Imagine that you’re on a plane from Los Angeles to New York, and the flight crew is preparing for landing. They instruct you to power down your electronic devices, but not everyone does.
Some of the devices on board are unintentionally emitting radiofrequency (RF) energy that interferes with sensitive equipment in the cockpit. As the pilot attempts to land, the interference makes getting to the ground more difficult and creates a life-threatening experience for everyone onboard.
This is the type of scenario that a regulation called FCC Part 15 is designed to prevent. It aims to ensure that the electronic devices you use in your everyday life do not interfere with the other devices around them.
If you’ve been developing any type of electronic device, you need to ensure you’re compliant with this regulation. Here we introduce the basics of FCC Part 15 to give you a general idea about how to go about ensuring compliance. Please note that this is not legal advice and contains general information only.
What is FCC Part 15?
The Federal Communications Commission (FCC) governs various parts of the US Code of Federal Regulations (CFR). Among them is 47 CFR Part 15, which covers regulations for radio frequency devices. These devices include Bluetooth and WiFi devices, mobile phones, computers, coffee makers, and more.
There are two key types of devices that this regulation applies to — Unintentional Radiators and Intentional Radiators.
An unintentional radiator is a device that does not contain a radio but radiates electronic noise. This can include devices with chips clocked at 9KHz or higher and devices that emit radio waves like a radio or TV receiver.
In contrast, an intentional radiator is a device that communicates with radio waves at low power. These might include Bluetooth and WiFi transmitters, hotspots, wearable devices, mobile phones, and more.

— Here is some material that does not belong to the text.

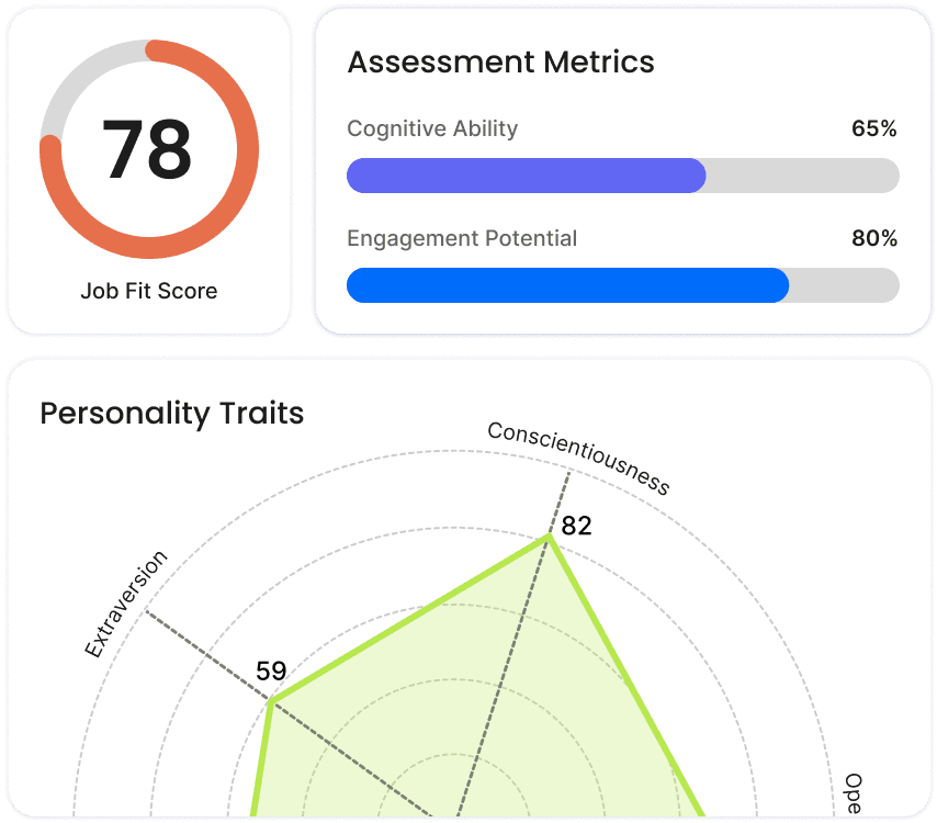 Psychometric signals reveal team fit alongside skills and experience evidence.

What are the FCC’s Requirements for These Devices?
Any device that falls under the umbrella of Part 15 needs to go through the authorization process set forth by the FCC. Before you can import it, market it, or sell it in the US, you need to comply with the FCC’s rules. This includes testing and labeling, and some types of equipment need to be certified by the FCC.
In general, devices subject to Part 15 need to be lab tested to ensure they comply with the regulation’s standards. This testing verifies that the device complies with specific radio emission limits.

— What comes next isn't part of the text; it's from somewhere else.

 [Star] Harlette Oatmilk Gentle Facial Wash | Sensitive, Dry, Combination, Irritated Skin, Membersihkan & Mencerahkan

After passing the required tests, some types of equipment also require FCC approval. This process is called certification, and it involves submitting your test reports and various documents for administrative and technical review by the Telecommunications Certification Body (TCB).

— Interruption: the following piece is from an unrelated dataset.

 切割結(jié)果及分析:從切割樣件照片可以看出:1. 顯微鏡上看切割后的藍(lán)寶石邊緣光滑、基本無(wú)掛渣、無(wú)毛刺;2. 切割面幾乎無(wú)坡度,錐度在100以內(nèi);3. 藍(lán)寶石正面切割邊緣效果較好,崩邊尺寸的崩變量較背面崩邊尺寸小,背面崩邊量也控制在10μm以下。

Devices subject to the Part 15 regulation also need to be labeled and include specific information on their packaging or in their manual.
What Steps Should You Follow if You’re Developing a Part 15 Device?
The first thing you need to do is determine which rules apply to your product and what type of testing you need to conduct. This can include determining if it is an intentional or unintentional radiator.
Many, but not all, types of unintentional radiators require testing plus a Supplier’s Declaration of Conformity (SDoC), which is self-issued. However, they do not need to go through the certification process.
If a product is an intentional radiator, like a WiFi or Bluetooth device, it also needs to go through the FCC’s certification process.
To determine the appropriate steps for your product, we recommend you work with a compliance consultant and reach out to them as early in the development process as possible. If you need a resource, feel free to reach out, and we can connect you with one of our consulting partners.
Be careful because failure to comply with these regulations can lead to fines by the FCC and having the distribution of your product stopped dead in its tracks. Therefore, as with any type of product, compliance should not be an afterthought. Do adequate research and engage with experts such as consultants and testing labs to ensure you take the proper steps.
Lab Testing: How to Get Started
As a consumer product importer, lab tests help you ensure that your products are compliant with regulations in the country of importation.
We’ve put together this guide to help you get started with lab testing so that you can make your products available for sale sooner rather than later. Avoid fines and customs issues by starting off on the right foot.
Helllo. Part 15 of the fcc rules? So w/ the least amount Chinese and science talk can u make it simple for me. As far as from what I’ve been told is it true that the undesired operation means that someone could actually control your item with another item at low or high voltage? That somehow because i bought this item I am at risk and aware of the fact of being at risk to undesirable/unaware operation. I’m not articulating this as well as I’d like to at the moment but was hoping you could break that down for me in English please.
The purpose of FCC Part 15 is essentially to prevent devices from interfering with each other unintentionally. For example, if one person presses their garage door opener and their neighbor’s garage opens. Or if you play music on your smartphone and it goes to someone else’s bluetooth speaker. The FCC has set specific standards that companies need to comply with to avoid this type of scenario.